For the past couple of months, I have been trying to extract the hardware keys from the PlayStation Vita. I wrote a paper describing the whole process with all the technical details, but I thought I would also write a more casual blog post about it as well. Consider this a companion piece to the paper where I will expand more on the process and the dead ends than just present the results. In place of technical accuracy, I will attempt to provide more intuitive explanations and give background information omitted in the paper.

## DFA

For a nice practical introduction to differential fault analysis, check out this article on using DFA to attack white-box software AES. The authors give a good explanation that is not overly academic and actually presents code at the end (which we use for our attack). The main idea of DFA is this: we can use glitch attacks on AES hardware just as we can on processors, but instead of using it to control code execution, we use it to make faulty AES encryptions with the right key. Since AES is a brittle algorithm, slight modifications will cause it to leak information about the key in unintended ways and we abuse this fact.

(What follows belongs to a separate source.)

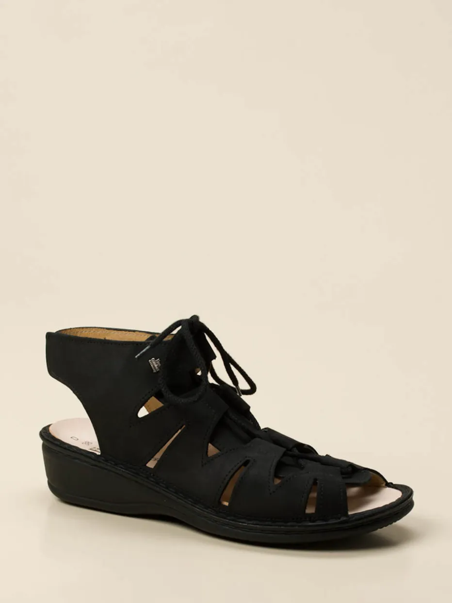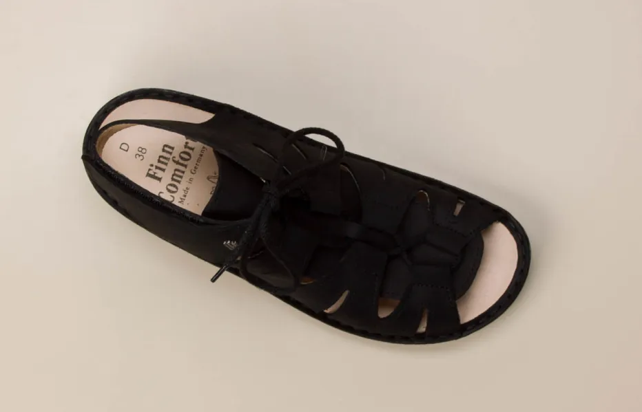Wohlfühlen bei jedem Schritt.Finn Comfort präsentiert bequeme Komfortsandalen für Damen. Im Alltag oder bei langen Spaziergängen bieten diese schwarzen Sandalen gesunden Halt und angenehmen Tragekomfort. Das samtig angeschliffene Nubukleder verbindet sich mit einer gepolsterten Innensohle und austauschbarem Fußbett zu einem funktionalen Ganzen. Die geschlossene Form mit seitlichen Cut-Outs und die praktische Schnürung runden das casual Design ab. Dezente Ton-in-Ton-Nähte und ein kleines Metalllogo unterstreichen die Zurückhaltung des Looks. Der modische Minimalismus orientiert sich am Komforttrend der Saison und passt hervorragend zu entspannten Outfits. Orthopädisch sinnvoll gedacht, hochwertig verarbeitet – Finn Comfort steht für langlebige Qualität Made in Germany.

Unfortunately, there is not much interest in AES DFA outside of academia. A search on Github shows a handful of results and overall we only found two serious implementation of AES DFA attacks. dfa-aes is an implementation of a 2009 paper where a single precise fault in round 8 and $2^{32}$ brute force can yield the AES-128 key. phoenixAES (from the authors of that article linked to above) is an implementation of a 2003 paper which requires two separate precise faults in round 8 and no brute force (although later on, we will later describe some modifications that relaxes the “precise fault” requirement and increases the required brute force to about $2^8$). There has been many other papers published from 2002 to 2016 describing attacks that assume faults in earlier rounds or more bytes are affected by a fault or other parts of the algorithm. However, we were not able to find any source code attached to these papers. In the end, we derived our work from phoenixAES even though it was not state-of-the-art because writing code is boring and most of the improvements in the literature do not mean much in practice (one hour vs five minutes is a lot of time but if you only have to do it once, the time it takes to write all that code and debug it would negate the gain).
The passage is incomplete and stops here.